##### Input material

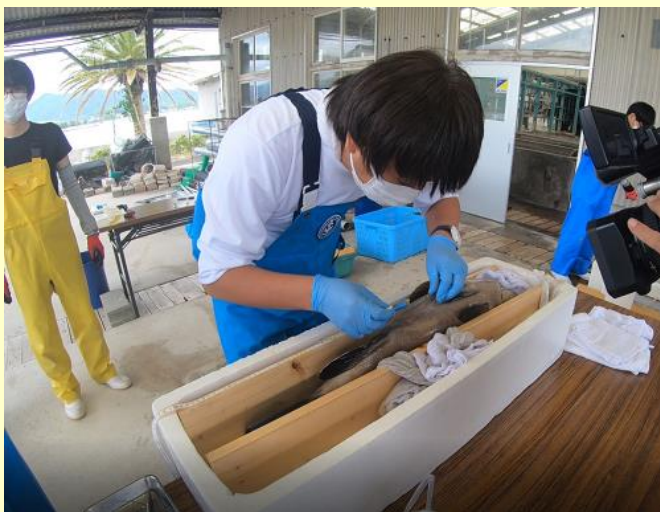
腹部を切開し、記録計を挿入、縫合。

##########
##### Input material

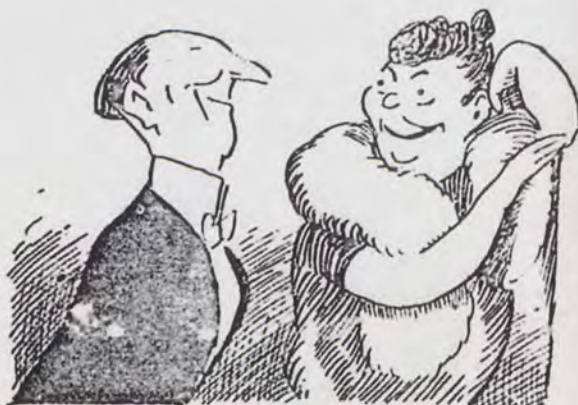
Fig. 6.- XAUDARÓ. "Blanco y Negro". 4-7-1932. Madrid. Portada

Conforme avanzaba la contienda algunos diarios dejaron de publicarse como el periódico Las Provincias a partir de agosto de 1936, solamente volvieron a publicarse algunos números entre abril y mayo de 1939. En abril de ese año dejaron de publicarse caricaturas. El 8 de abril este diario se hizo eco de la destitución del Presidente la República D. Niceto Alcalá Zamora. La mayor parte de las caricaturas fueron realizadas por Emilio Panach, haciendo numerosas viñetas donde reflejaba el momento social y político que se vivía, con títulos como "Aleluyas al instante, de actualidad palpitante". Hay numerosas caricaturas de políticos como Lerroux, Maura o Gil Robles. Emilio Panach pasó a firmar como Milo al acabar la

##########

**Exercise requirements**
Starting at the line that has "Fig. 6.- XAUDARÓ." in the records above, restate word for word every line until the one that has "Conforme avanzaba la", and include that one as well.

**Result for this task**
Fig. 6.- XAUDARÓ. "Blanco y Negro". 4-7-1932. Madrid. Portada

Conforme avanzaba la contienda algunos diarios dejaron de publicarse como el periódico Las Provincias a partir de agosto de 1936, solamente volvieron a publicarse algunos números entre abril y mayo de 1939. En abril de ese año dejaron de publicarse caricaturas. El 8 de abril este diario se hizo eco de la destitución del Presidente la República D. Niceto Alcalá Zamora. La mayor parte de las caricaturas fueron realizadas por Emilio Panach, haciendo numerosas viñetas donde reflejaba el momento social y político que se vivía, con títulos como "Aleluyas al instante, de actualidad palpitante". Hay numerosas caricaturas de políticos como Lerroux, Maura o Gil Robles. Emilio Panach pasó a firmar como Milo al acabar la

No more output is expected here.